Supplied data below:

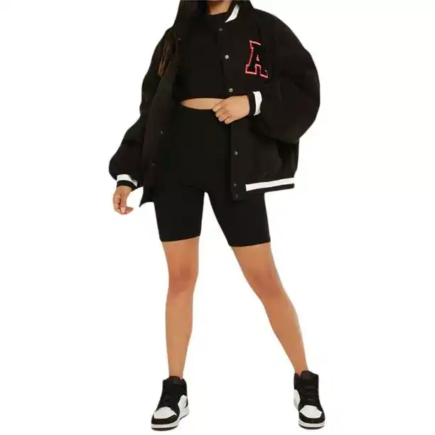 Unisex High Quality Quilted PU Leather Varsity Jacket Long Sleeves Printed Letter Embroidery Breathable Knitted Design Available
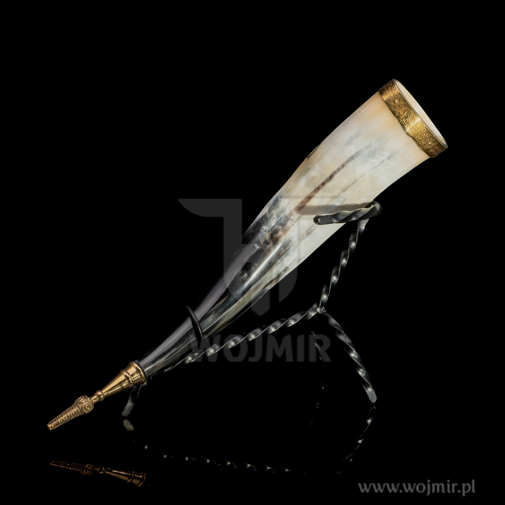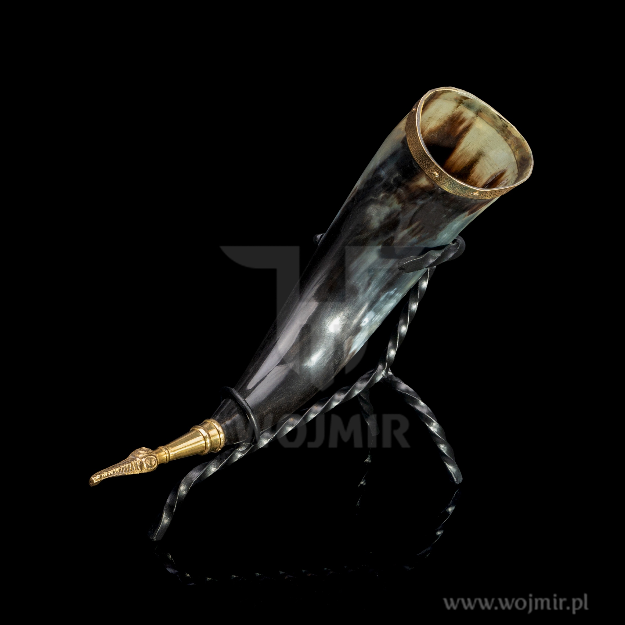 Коров'ячий ріг 37-40см, 400мл / арматура латунна / з підставкою / від WOJMIR
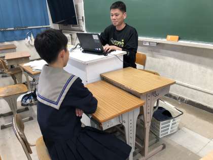 国語のオンライン授業ではチャット欄を使って生徒から意見を聞いて交流できています。
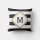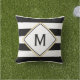 A large black monogram is in the centre. The initial is border by black, white and gold diamonds. Thick black and white stripes form the background.
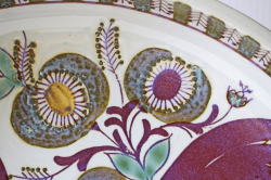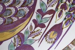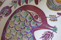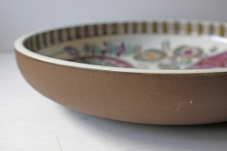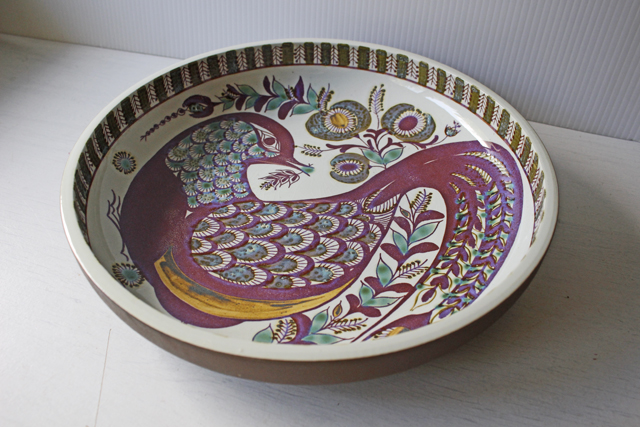 デンマーク、Royal Copenhagenテネラシリーズの丸ボウルです。ニルストーソン率いる6名の若手女性デザイナーにより1958年から製作されたシリーズです。鳥や花々が生き生きと描かれたパワフルな作風が魅力です。こちらはデンマーク出身のデザイナー、Berte Jessenの作品でグリーンやパープルを使い華やかに鳥が描かれています。画面いっぱいに描かれた鳥は、躍動感があり神秘的な色合いとマッチしています。サイズも特大で大きく散らし寿司など大皿料理にもぴったりです。
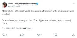 Calle, desenvolvedor da carteira Bitcoin Cashu, lembrou aos usuários que o fundador do Bitcoin, Satoshi Nakamoto, havia originalmente argumentado contra o desenvolvimento de um cliente Linux.
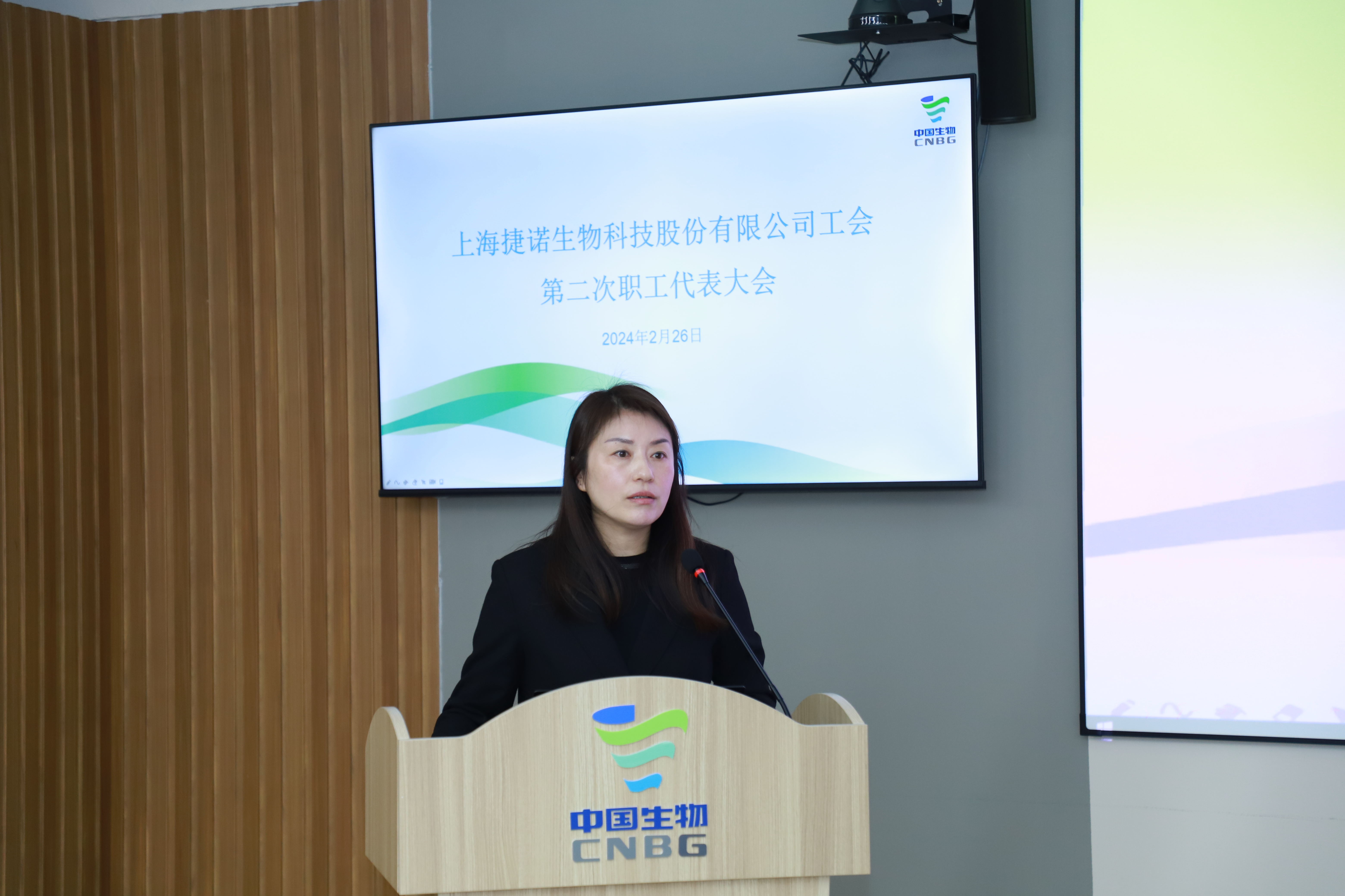 ▲捷諾生物工會主席李春英主持召開第二次職工代表大會
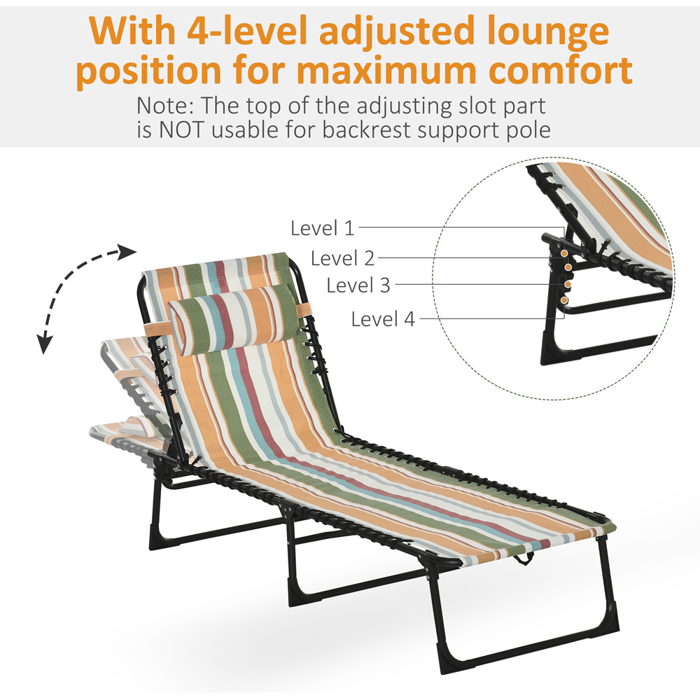 Upgrade your outdoor space with the Outsunny Multicoloured Four-Level Adjustable Folding Sun Lounger. This lounger is ideal for you at the beach, on the patio, near the swimming pool or at the camping ground. You can sit up, recline or lie down in four different reclining positions. This portable sun lounger is made of a powder-coated steel frame that guarantees a stable standing, and the 100% plastic fabric with a double elastic rope suspension system provides a comfortable yet firm support. It is easy to transport, so you can toss it in your trunk and have a comfy place to rest anywhere. Protect your garden furniture with our durable and waterproof covers. Explore our wide range of heavy-duty Garden Furniture covers to find the perfect fit for your needs.
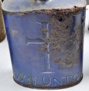 A large collection of x16 original WWI First World War British Army water bottles / canteens. All in various states of condition. Includes several blue enamel examples (one later painted for display) and many green examples. Some retaining corks, most not, and same for the canvas covers.
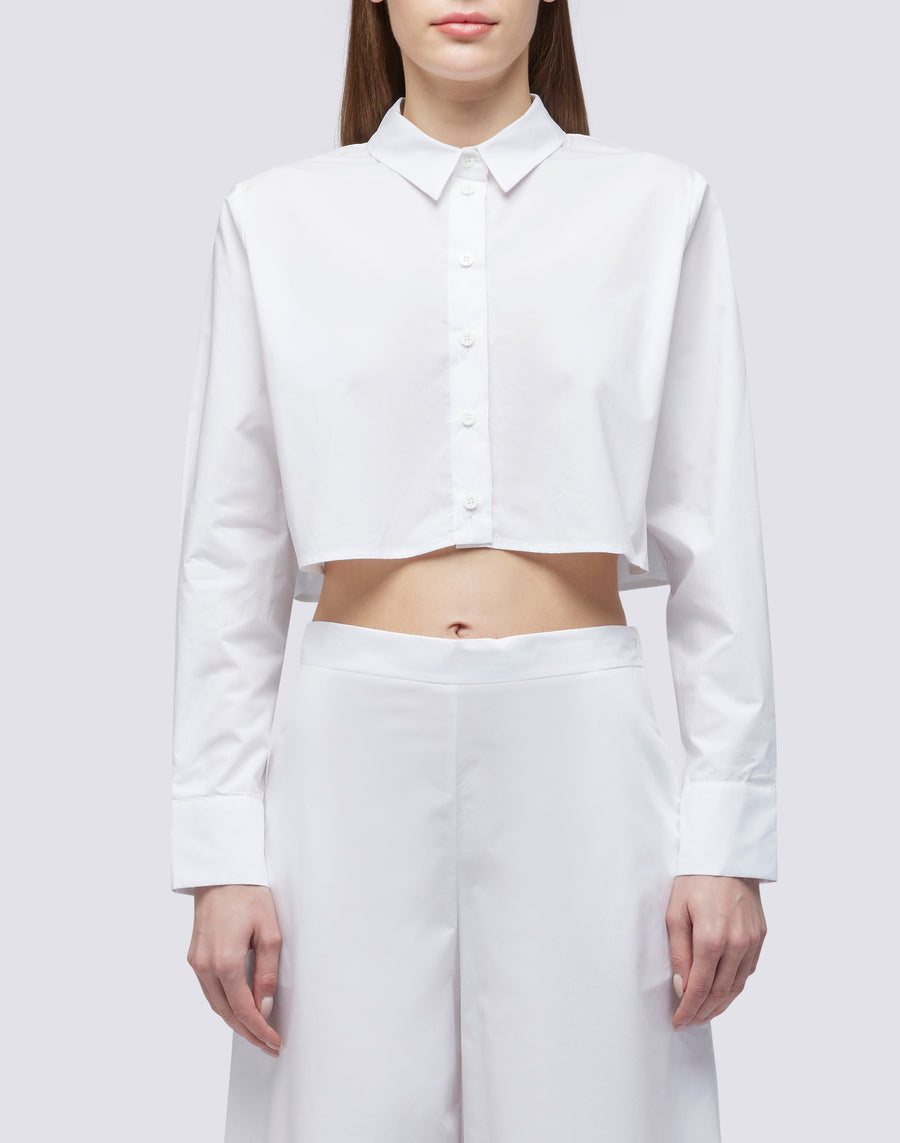Made of soft cotton poplin, this crop shirt with long sleeves is perfect for any occasion. Create a sophisticated, feminine look that fits your unique style.

End of Supplied data.

* What the task requires: Each line above starting at the one holding "Коров'ячий ріг 37-40см, 400мл" and ending at the one holding "A large black" should be set down exactly as it stands, both ends included, with no pictures.

* Result below:
 Коров'ячий ріг 37-40см, 400мл / арматура латунна / з підставкою / від WOJMIR
 国語のオンライン授業ではチャット欄を使って生徒から意見を聞いて交流できています。
 A large black monogram is in the centre. The initial is border by black, white and gold diamonds. Thick black and white stripes form the background.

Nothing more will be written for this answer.